On Monday it was the turn of things to do regarding your money through uni. This time, let’s explore what you do not want to be doing. If you recognise any of this already, it’s never too late to make changes and hold your head up high. There’s no shame in having a problem that needs dealing with and there is a lot of support available. If none of this currently applies to you, it’s still best to bear it in mind so you stay on that path. It’s all too easy to slip down and make a mistake if you’re not careful. So what shouldn’t you do?
- Ignore a problem – When things go wrong, there’s a temptation to turn the other cheek. If you look away, the monsters will go away. We know that it’s bad advice, but it’s a temporary solution and it makes us feel better in the short term. Unfortunately, it makes us feel worse in the long term. We’re not thinking long term at the time though! But we have to deal with problems at one time or another, so it’s best to make that time the present. If you’re in trouble, admit it to yourself and give a bit of time to recovering from the situation. Ignoring it will simply allow the downfall to continue. Five minutes of peace with your head in the sand equals five hours of headaches later down the line. You must acknowledge the need to help yourself before you can be helped at all.
- Presume anything – If you’re uncertain about something involving your finances, ASK SOMEONE! You’re in the real world now and things tend to matter a lot more, whether you like it or not. If you have a query regarding a bill, a strange debt situation, a request for money that you don’t understand, or anything else that isn’t 100% absolute in your head, you need to question the issues. Sometimes it’s a quick question for your parents, or a housemate, and you just want the all clear on something trivial. At other times, you may need to involve your Student Services or equivalent. If it’s nothing to do with uni, you may have to speak to the party involved or ask your uni where you can turn for the advice you need.
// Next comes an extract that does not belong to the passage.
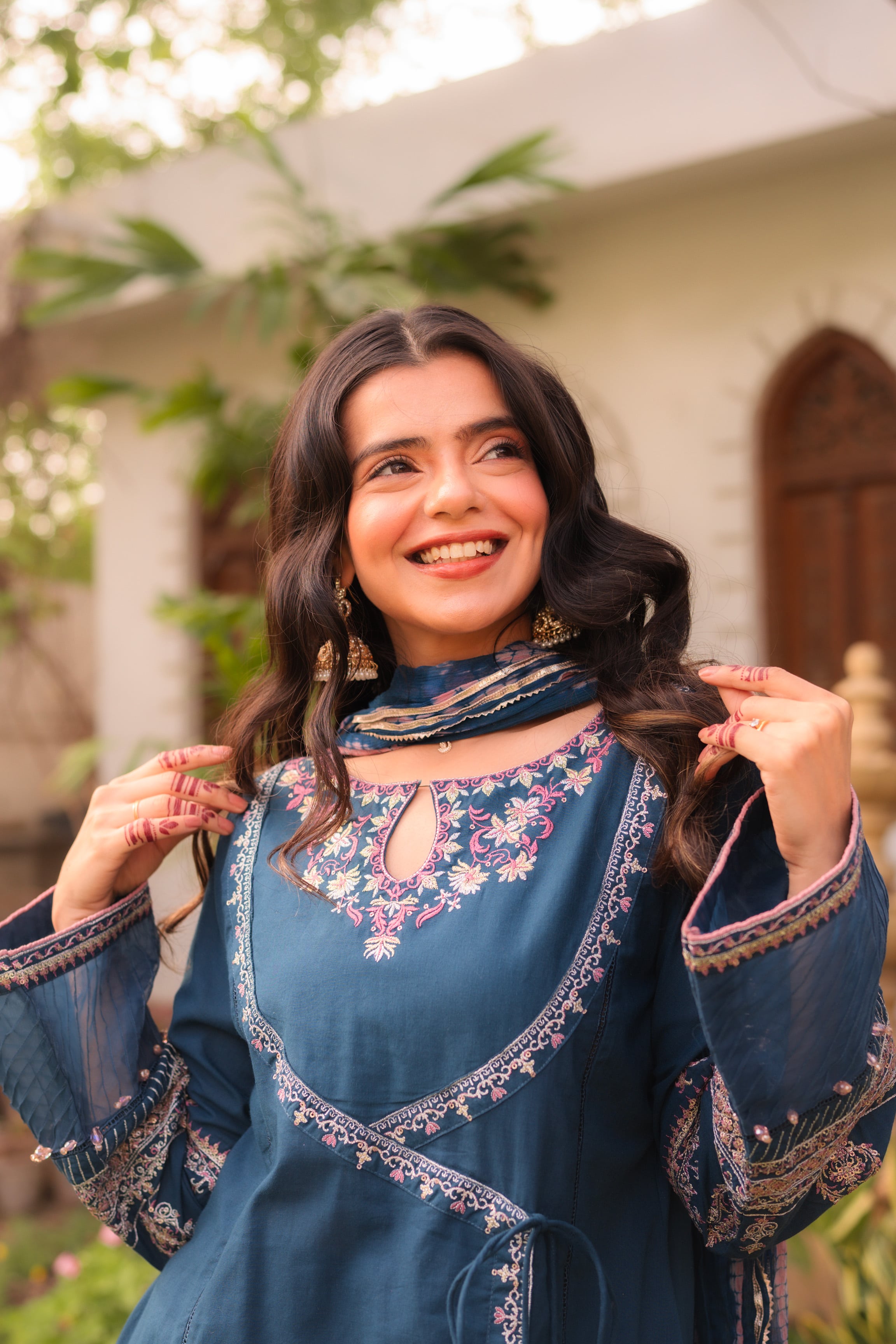 Warsha is a lawn 3-piece outfit in teal color. It features a paneled frock with beautiful floral embroidered keyhole neckline. The shirt features a rounded angrakha design which is highlighted by intricate embroidered borders and angrakha is adorned with handmade two toned dori tassel. The frock panels feature delicate joint lace while embroidered borders dazzle the hem of the frock. Sleeves of this outfit are a showstopper featuring heavy embroidery on a loose cut, giving the outfit a whimsy feel, while the hem of the sleeves features pleated organza insert dazzled with embroidered border at the bottom and crystal tassels on top. Frock is paired with matching wide leg bottoms in lawn. Dupatta is tie-dyed two toned chiffon featuring a creative pattern, finished with gota lace details on all four sides.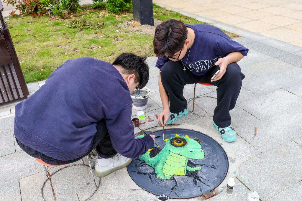 短短两天时间,150余位员工积极创作,用34幅创意井盖画为校园环境添上绚烂一笔。美术学专业2021(4)班的谢鑫一听说活动就召集队伍报名参加了,“这个活动很有意义,当我们完成作品的那一刻,真的成就感满满。”他说,画井盖画不仅锻炼了自身专业能力,还美化了校园环境,“如果以后还有这种活动,我一定要参加。”

- Spend on luxuries and anything you like – Okay, so you’ve probably already worked that out given my other ‘DO’ and ‘DON’T’ advice, but it’s worth mentioning explicitly, just in case! The less you care about the money now, the more problems you’re likely to end up with later. If you treat your finances well and realise that you don’t need all those amazing goodies just because you can, you’ve more chance in being more careful with your money in the future. Luxuries are only luxuries when you don’t have them anyway. Why spoil the effect by buying something when it can be a luxury forever…?
- Compete with friends – Just as some of us feel the need to keep up with the amounts we drink when we’re out, the same can be said with spending. Sometimes a feeling can hit you that makes you want to buy just as much as other friends. When one person makes an enviable purchase, you may feel more ‘need’ for it yourself than you ever did before. You may also crave the increased status that your friend might now have with other people. There are many reasons why you may want to increase your spending in line with another person, or a group of people, but it’s a bad move. We’re all in a different financial boat, but we hardly ever consider that. Just remember, if you can make that purchase without problem, then all’s well with the world. If it would cause a problem, then step back. Anyway, who cares what other people own? They’re only objects. You can get a lot more out of yourself than you can from an object…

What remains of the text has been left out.